Die Lehre des Aikido bewegt sich zwischen drei Polen: dem Körper, dem Geist und der Technik.
O-Sensei Morihei Ueshiba formulierte das erste Prinzip des Budo als "das unablässige Trainieren des Geistes und des Körpers als Grunddisziplin für Menschen, die den spirituellen Weg gehen".
Diese Prinzipien wurden von ihm in der Kampfkunst Aikido (Anfang des 20. Jahrhunderts) umgesetzt und bis zu seinem Tode weiterentwickelt.
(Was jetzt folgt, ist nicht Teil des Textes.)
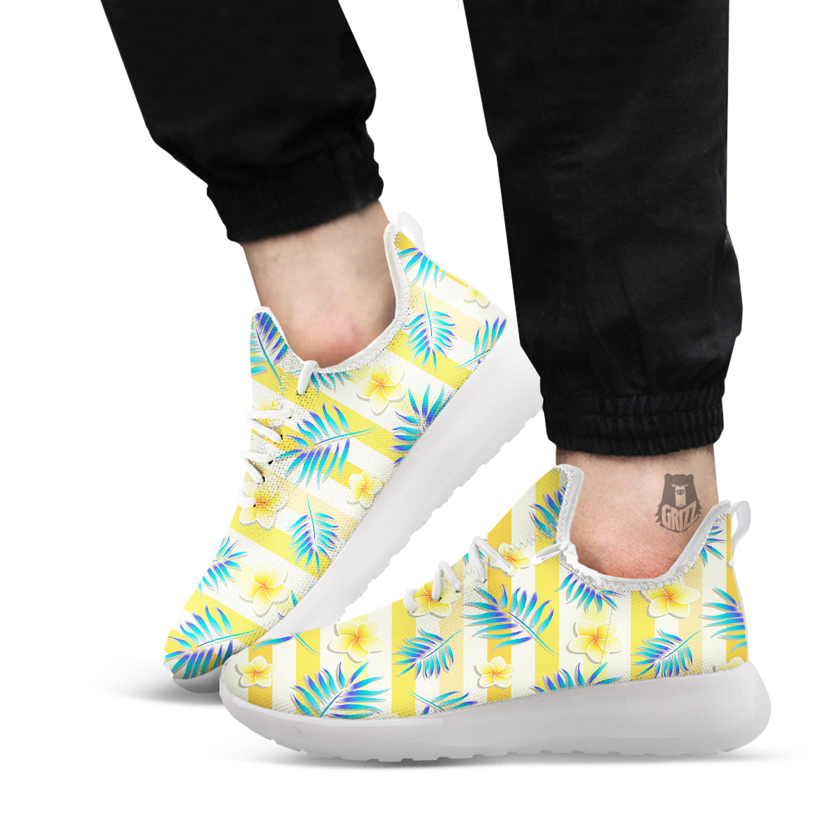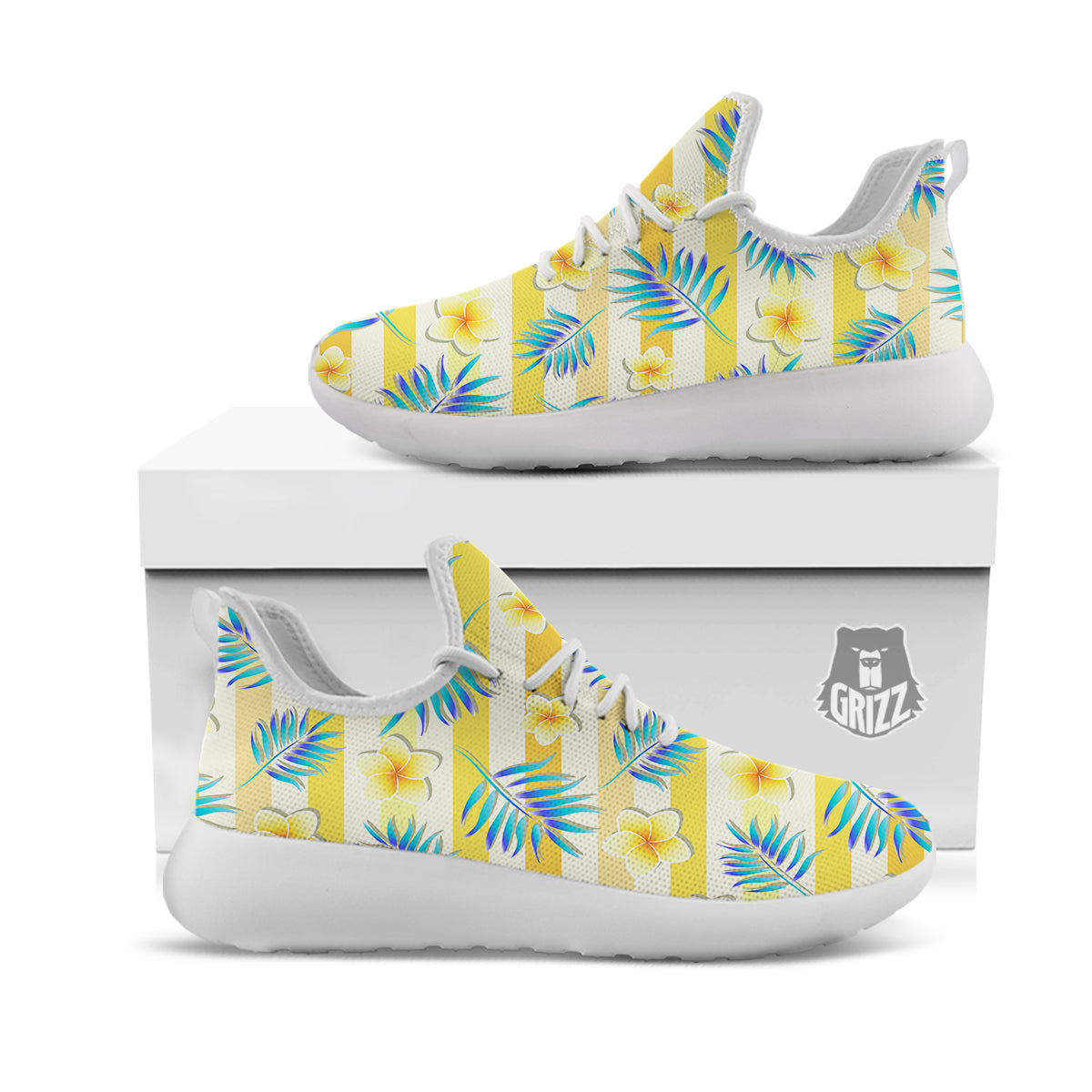 Frangipani Yellow Print Pattern White Athletic Shoes

Biographie Morihei Ueshiba

Aikido als Selbstverteidigung

Aikido ist eine Selbstverteidigungsform gegen bewaffnete und unbewaffnete Angreifer.
Der Angriff wird in natürliche, kreisförmige Bewegungen umgelenkt und die Kraft wird für die Technik des Verteidigers ausgenutzt. Würfe und Haltetechniken führen dem Angreifer die Sinnlosigkeit seiner Aggression vor, ohne ihn zu vernichten. Es soll die gestörte Harmonie zwischen dem Angreifer (Uke) und dem Verteidiger (Nage) wieder hergestellt werden. 

Das Training

Zur körperlichen Fitness beginnt das Training mit funktioneller Gymnastik. Des Weiteren sind die Bewegungsformen (Sabaki), Atem- und Fallübungen wichtige Bestandteile. Die Techniken werden im harmonischen Miteinander geübt. Eine Person verkörpert den Angreifer und übernimmt nach einigen Wiederholungen die Rolle des Verteidigers. Im Aikido gibt es kein Kampf oder Wettbewerb. Durch das partnerschaftliche Üben entsteht ein Klima des wechselseitigen Vertrauens. Da die Kraft und die Größe eine untergeordnete Rolle spielt, kann Aikido von Jugendliche, Frauen und Männer jeden Alters praktiziert werden.
Das Aikido-Training verbessert im Laufe der Zeit die Beweglichkeit und fördert durch die komplexen Bewegungsabläufe die Konzentration, Koordination, Grob- und Feinmotorik, sowie das körperliche und geistige Wohlbefinden. 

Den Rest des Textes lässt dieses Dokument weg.